Category 1: Cast austenitic stainless steel (CASS);

Category 2: Hot-formed stainless steel; Category 3: Annealed austenitic stainless steels; Category 4: Austenitic stainless steels fasteners; and, Category 5: Cold formed austenitic stainless steels without subsequent solution annealing.

Materials binned under Categories 1, 2 and 3 contain no greater than 20 percent of cold work due to controlled fabrication and compliance with material specifications. Therefore, the RVI components binned under Categories 1, 2 and 3 are consistent with MRP Letter 2013-025 guidelines. Only materials that fall under Categories 4 and 5 were treated as cold worked and they were evaluated as such. For components binned under Category 4, cold work greater than 20 percent was already considered in the Westinghouse's generic aging evaluation of the RVI components. This generic evaluation is addressed in MRP-191, Revision 0, "Materials Reliability Program: Screening, Categorization and Ranking of Reactor Internals of Westinghouse and Combustion Engineering PWR Designs" (Reference 29). Since MRP-191 was used as a basis for establishing l&E guidelines in MRP-227-A, the licensee concluded that no additional stress analyses are required for Category 4 RVI components. The licensee confirmed that it does not have any Category 5 RVI components that were subject to cold work greater than 20 percent at RNP. Based on these technical bases, the licensee concluded that no additional plant-specific evaluation related to the effect of cold work on stress corrosion cracking (SCC) in RVI components binned under Categories 1 through 5 is required.

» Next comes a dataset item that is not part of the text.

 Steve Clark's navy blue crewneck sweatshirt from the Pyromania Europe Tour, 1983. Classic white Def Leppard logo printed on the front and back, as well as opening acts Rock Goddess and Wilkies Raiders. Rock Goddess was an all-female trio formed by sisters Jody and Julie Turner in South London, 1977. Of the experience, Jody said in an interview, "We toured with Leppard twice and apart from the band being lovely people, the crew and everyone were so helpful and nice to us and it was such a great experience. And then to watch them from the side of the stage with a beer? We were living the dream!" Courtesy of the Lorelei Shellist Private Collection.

The NRC staff reviewed the licensee's response and based on the information provided, the staff concluded that the licensee complied with the guidelines provided in MRP Letter 2013-025 for RVI components that were binned under Categories 1 through 5. The staff also noted that the RVI components binned under Categories 1 through 5 were not exposed to cold work greater than 20 percent. Therefore, the staff concludes that the licensee has demonstrated that it adequately evaluated the effects cold work on sec in RVI components binned under Categories 1 through 5 at RNP. Therefore, the staff concludes that the licensee complied with the guidelines (with respect to the evaluation of cold work on SCC issue) addressed in MRP Letter 2013-025.

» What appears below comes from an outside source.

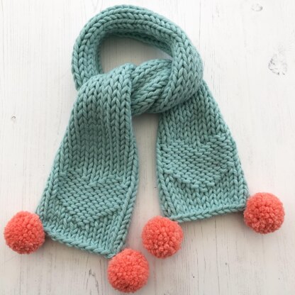 This beginner friendly pattern includes both patterns for kids and adults sizes. I chose to use Paintbox Yarns Wool Mix Super Chunky yarn in washed teal and bright peach. You could substitute this for any 14 ply yarn. The design can be worn right side or wrong side and finished with optional pom poms.
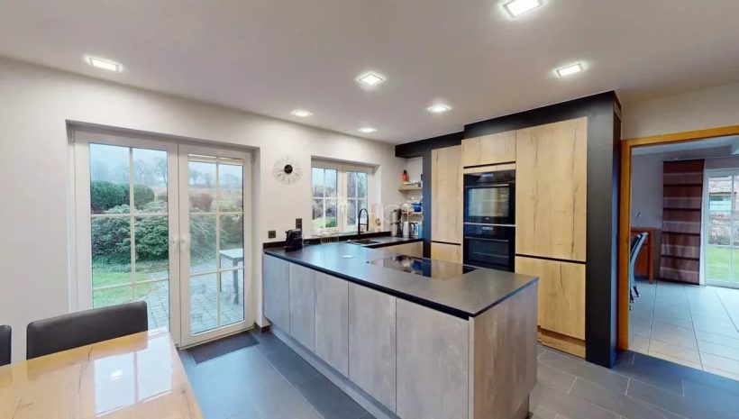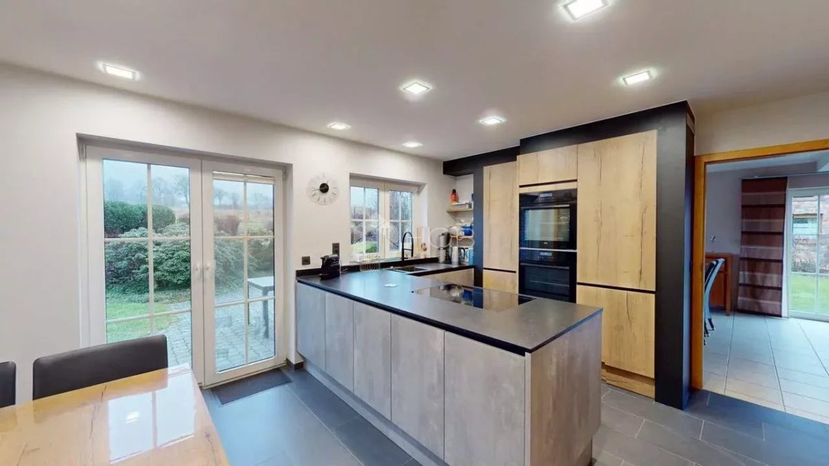 Die moderne Einbauküche ist funktional und stilvoll gestaltet. Von hier aus gelangen Sie direkt auf die sonnige Terrasse mit Blick in den liebevoll angelegten Garten – ein wahres Paradies für Naturliebhaber und Ruhesuchende.

With respect to Question 2, the MRP Letter 2013-025 provides quantitative criteria to allow a licensee to assess whether a particular plant has atypical fuel design or fuel management. For a Westinghouse design plant such as RNP, these criteria are:

(1) The heat generation rate must be :5 [less than or equal to] 68 Watts/cm 3 .

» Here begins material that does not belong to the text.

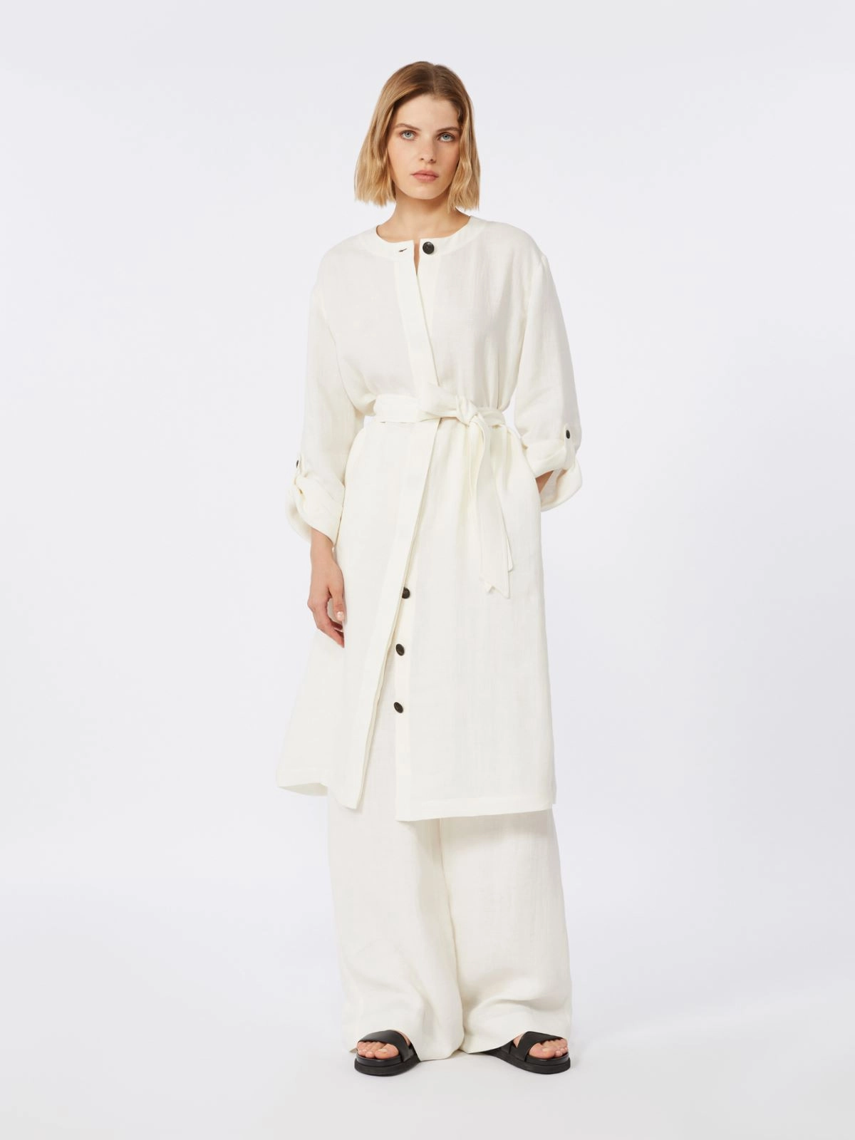 - Set-in sleeves with turned-up cuffs, secured by tab and button detail

(2) The maximum average core power density must be less than 124 Watts/cm 3 .

(3) The active fuel to upper core plate (UCP) distance must be greater than 12.2 inches.

In its response to Question 2 of RAI 3-1, by letters dated October 1, 2014 and October 5, 2016 (References 7 and 10)3 , the licensee stated that to date, it complied with the criteria stated above for the essential attributes (i.e., heat generation rate, maximum average core power density, and active fuel distance to UCP). The licensee provided plant-specific values related to heat generation rate, maximum average core power density, and active fuel distance to UCP.

The NRC staff reviewed the submitted values and concludes that the licensee complied with the guidelines related to fuel management issue addressed in MRP Letter 2013-025. Based on this review, the staff considers that the licensee addressed Action Item 1 satisfactorily.

3.4.2 Evaluation of the Licensee's Resolution of Action Item 2 Section 4.2.2 of the SE for MRP-227-A states that "each applicant/licensee is responsible for identifying which RVI components are within the scope of LR for its facility. Applicants/licensees shall review the information in Tables 4-4 and 4-5 in MRP-191 and identify whether these tables contain all of the RVI components that are within the scope of LR for their facilities in accordance with 10 CFR 54.4. If the tables do not identify all the RVI components that are within the scope of LR for its facility, the applicant or licensee shall identify the missing component(s) and propose any necessary modifications to the program defined in MRP-227, as modified by this SE, when submitting its plant-specific AMP such that the effects of aging on the missing component(s) will be managed for the PEO."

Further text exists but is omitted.